→ **Required action**:
Starting at the line with "A menos de un", return every line through the final one of the data, word for word. Pictures stay out.

→ **Supplied material**:
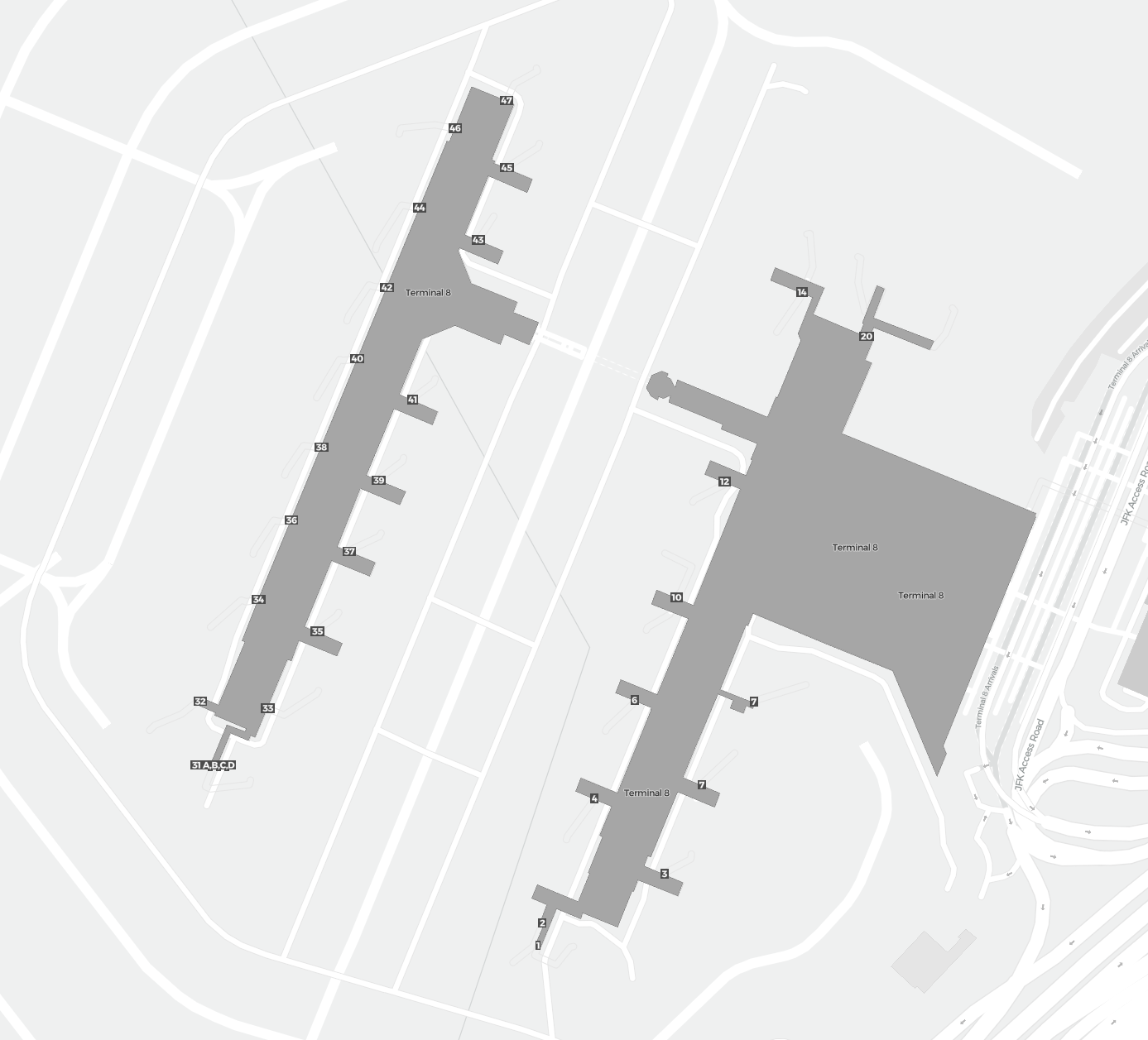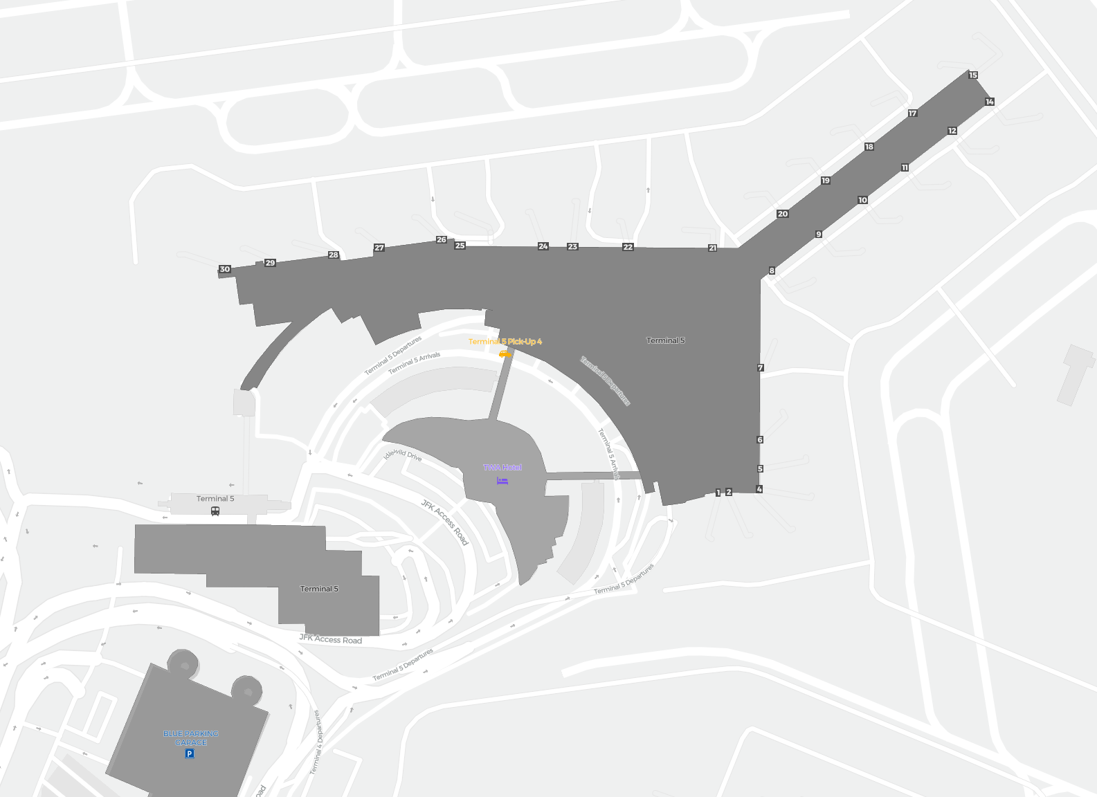 Tämä on zoomattava kartta New York (JFK). Kartta voi antaa yleiskuvan ulkoalueesta terminaaleineen, pysäköintialueineen ja joissakin lentokentissä myös porttien, autovuokrauspalveluiden ja muiden mukavuuksien tiedot, jos zoomaat sisään.
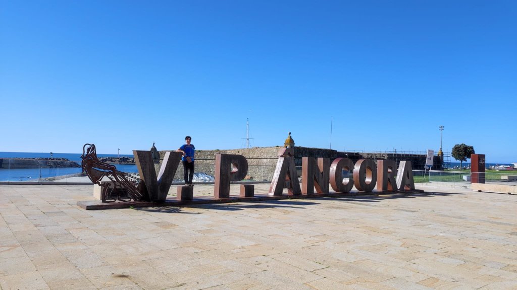 A menos de un km llegamos a las primeras casas de Vila Praia de Áncora, una freguesía de casitas de pescadores en origen y ahora un centro de turismo playero. Cruzamos el núcleo y pasamos por la praza con la Capilla de Nossa Senhora da Bonança. Edificada a finales del S. XIX, esta capilla acabada en estilo neoclásica presenta un aspecto imponente en relación con las casitas que la rodean. La calle que sale de la plaza de la capilla desemboca en pleno paseo marítimo con numerosos cafés y el fuerte da Lagarteira, del siglo XVII con un gran escudo real coronando la puerta principal (ahora en obras). Nos hacemos unas fotos en la letras en acero corten que forman el nombre de la villa, pasamos ante un monumento homenaje a los pescadores y sus mujeres y tomamos un café antes de proseguir la caminata.
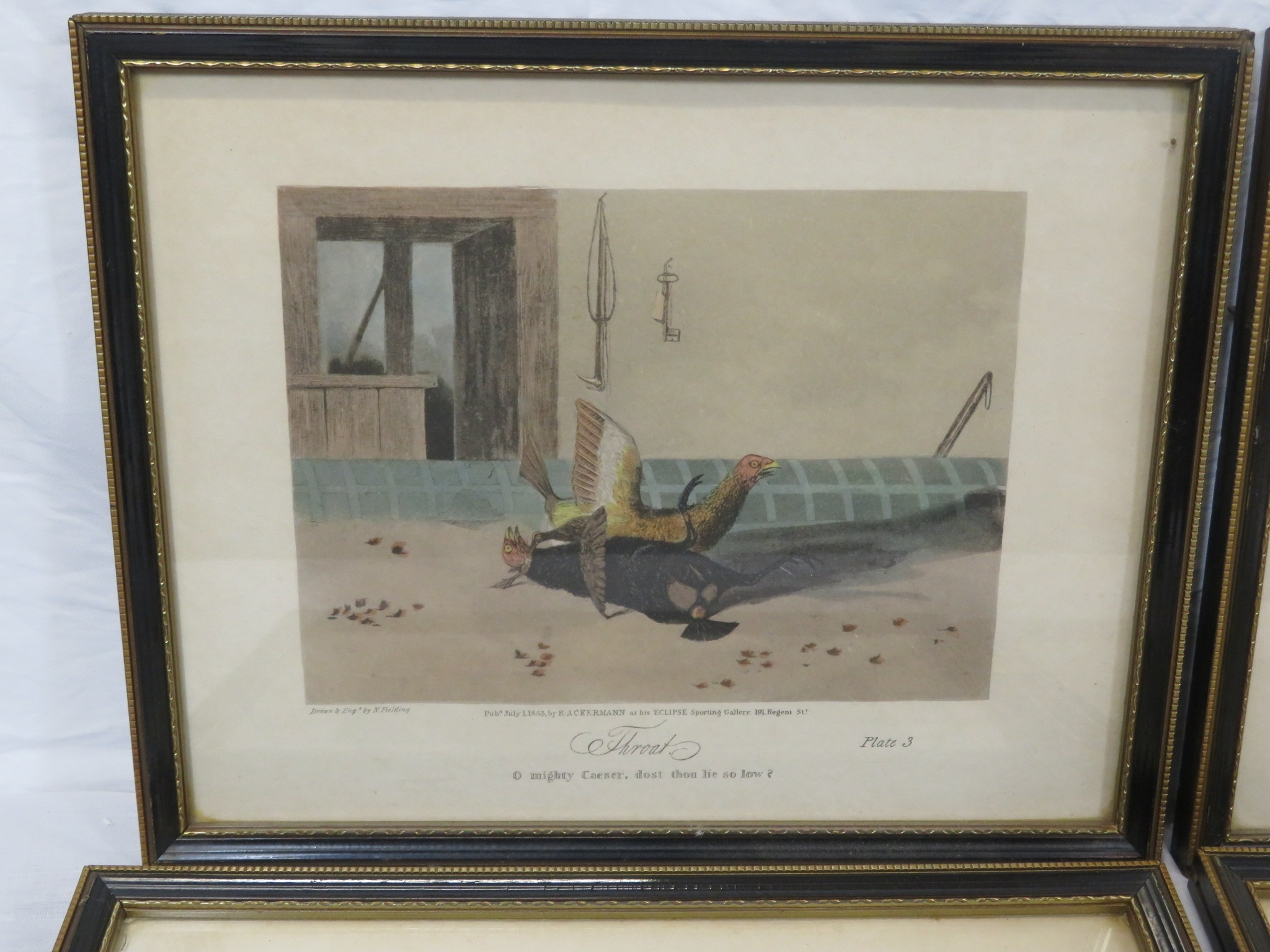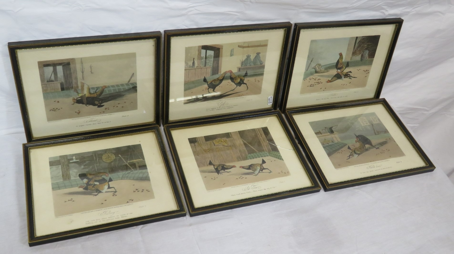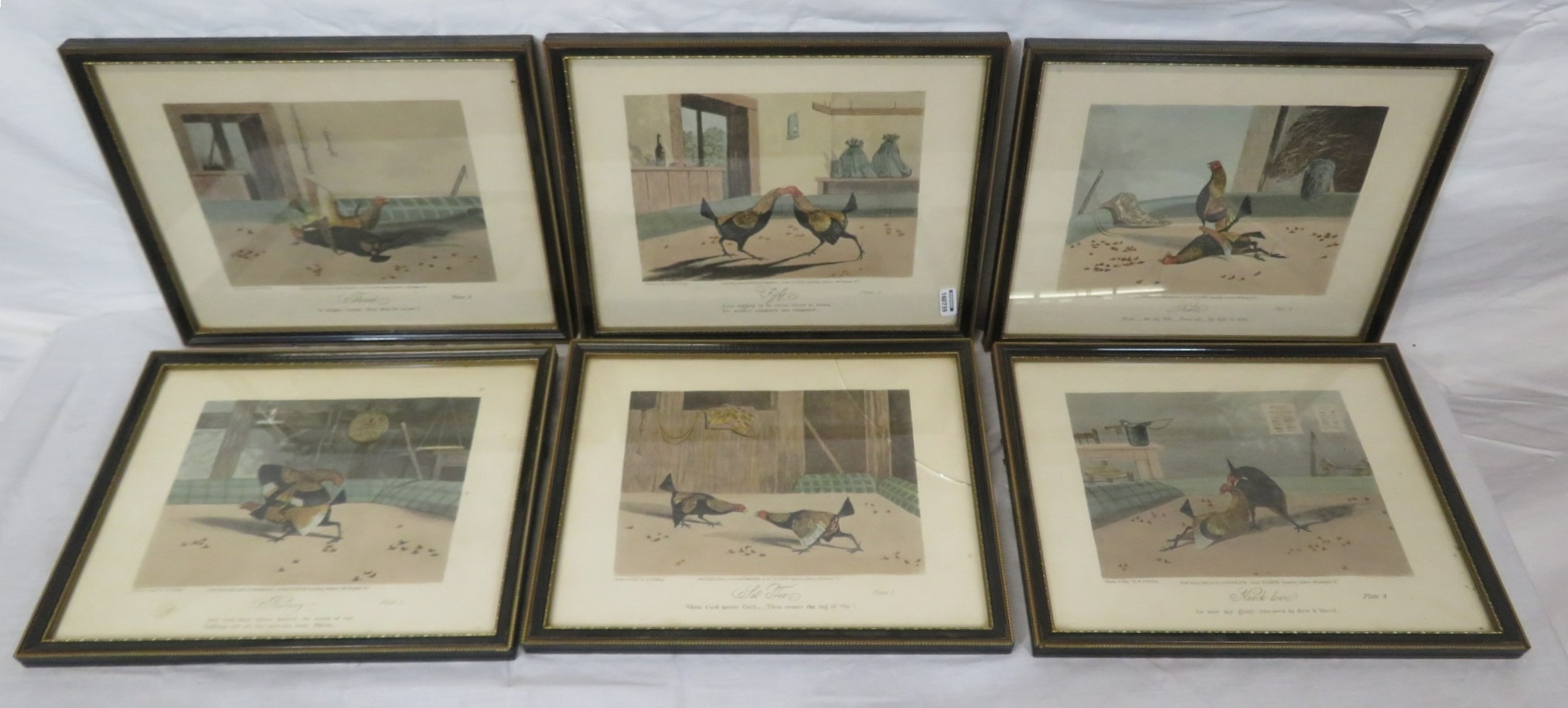 Newton Fielding (1799-1856) 'Cock fighting', A suite of six plates of cock fighting, etching and aquatints with hand-colouring, 15x20cm each

→ **Result for this task**:
 A menos de un km llegamos a las primeras casas de Vila Praia de Áncora, una freguesía de casitas de pescadores en origen y ahora un centro de turismo playero. Cruzamos el núcleo y pasamos por la praza con la Capilla de Nossa Senhora da Bonança. Edificada a finales del S. XIX, esta capilla acabada en estilo neoclásica presenta un aspecto imponente en relación con las casitas que la rodean. La calle que sale de la plaza de la capilla desemboca en pleno paseo marítimo con numerosos cafés y el fuerte da Lagarteira, del siglo XVII con un gran escudo real coronando la puerta principal (ahora en obras). Nos hacemos unas fotos en la letras en acero corten que forman el nombre de la villa, pasamos ante un monumento homenaje a los pescadores y sus mujeres y tomamos un café antes de proseguir la caminata.
 Newton Fielding (1799-1856) 'Cock fighting', A suite of six plates of cock fighting, etching and aquatints with hand-colouring, 15x20cm each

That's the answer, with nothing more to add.